大らかな時代だった。フィギュアスケート大ブームの昨今だが、ビールマンスピンという大技の考案者デニス・ビールマンは、あの技を演目に入れることで芸術点を下げられたという。当時同時代に活躍していた日本の渡辺絵美は評価が割れた理由を次のように述べている。「(ビールマンスピンを)綺麗でないという審判もいたし、積極的評価の審判もいた。
当時は選手もそんなに大胆なポジションをとらなくても、という意見が多かった。すごいものに踏み込んでしまったなと思って見ていた。無理な姿勢、危ないということで危険度も高く、もしかしてこの技も禁止になるかね、くらいにしか思わなかった」。明確な採点基準のない時代に、ビールマンスピンを評価しない審判員に対してデニスは採点は眼中になかった。
デニスは言う。「私は審判のことを気にしませんでした。お客さんが喜んでくれるし、それが私にとって大事なことなのです。」デニスの気持ちを表すように、万来の拍手とは裏腹な厳しい審判の評価である。審判の主観が入る採点競技では、評価の分かれるような独創的な技に挑戦するのはリスクが高く勇気のいることだ。スケートに限らず、ピアノコンクールなどにおいても言われることであった。

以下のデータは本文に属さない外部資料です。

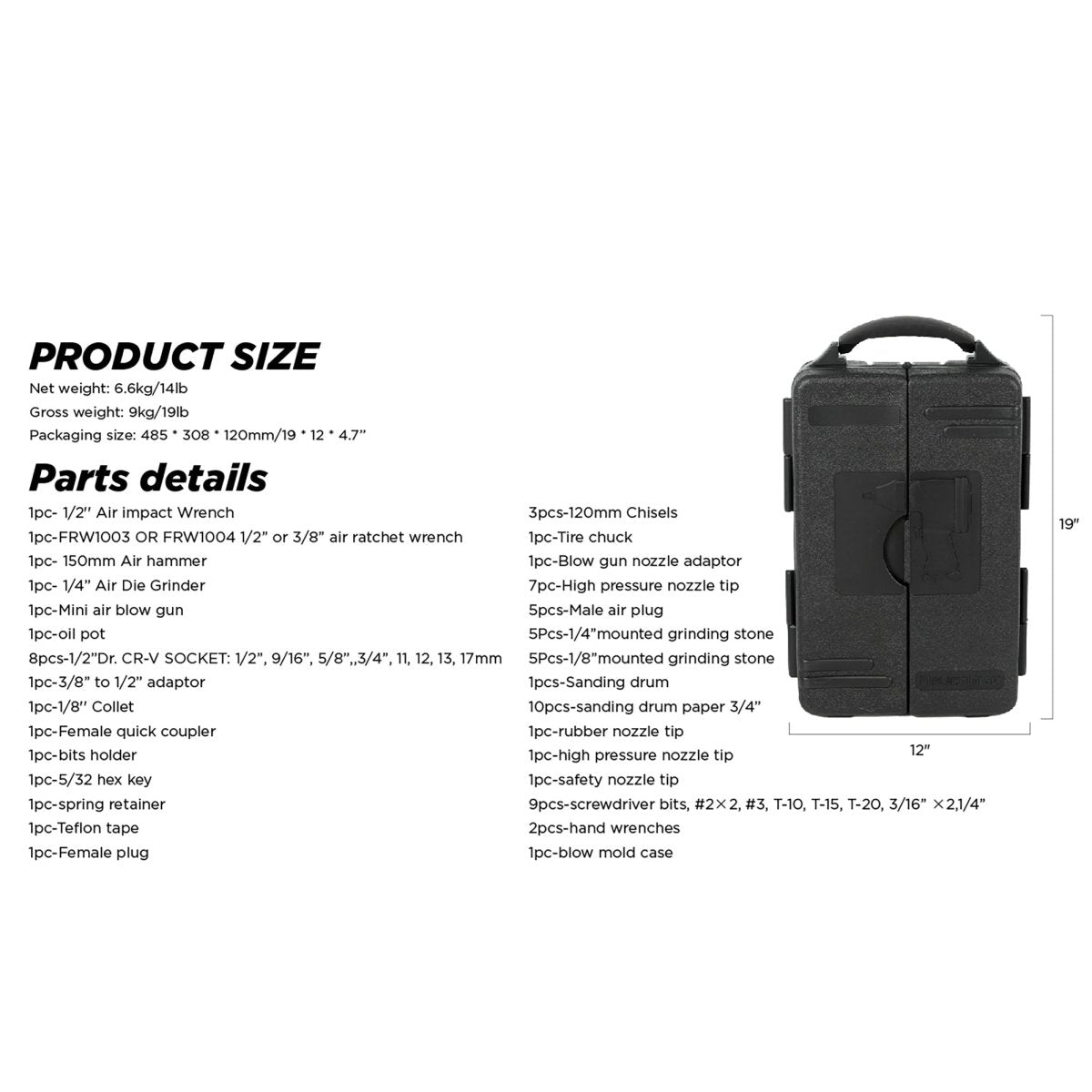 • We've included a heavy-duty blow molded case to ensure that your air toolset is always protected and organized. This sturdy case not only keeps your tools safe during storage and transportation but also allows for easy access and quick identification of each piece. Stay organized and keep your tools in pristine condition with our thoughtfully designed case
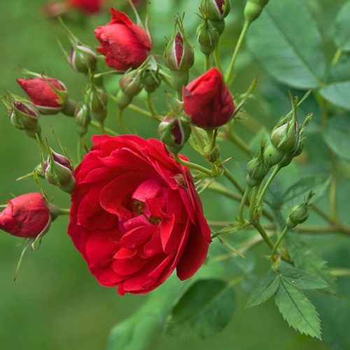 Цветки диаметром 7 см, полумахровые (12-16 лепестков), красные, в соцветиях бывает до 35 цветков.

浅田や羽生やキムヨナが、「審判など気にしない」など、とてもいえない言葉。近年は勝つと言う事が至上命題の競技である。1980年の「第10回ショパン国際ピアノコンクール」でも同様のことがあった。ユーゴスラビアのピアニストであったイーヴォ・ポゴレリチが本戦落選した際、審査員の一人マルタ・アルゲリッチは猛抗議したが聞き入れられず、審査員を辞任する。
多くの審査員が彼に0点をつけたという。この結果をめぐって審査員の間で大論争が巻き起こる。個性的な演奏もさりながら、シャツにジャケットでノーネクタイ。ジーンズをはき、首には鎖やペンダントをジャラジャラという服装も反感を買ったようだ。クラシック音楽、ショパンコンクールに帰属する権威主義者どもが、若者を見下し弄んでいる。0点と言うふざけた採点を見れば明らかだ。
アルゲリッチは、「審査席に座った事を恥じる」と述べるとともに、「魂の無い機械がはじき出した点数だけで合否を決めるのでは無く、審査員間でも協議するべきだ」と発言した。そしてポゴレリチの事を「彼は天才!」と言い残してワルシャワを去った。権威にひれ伏すバカ審査員ども…、耳があるなら音楽を聴けよ!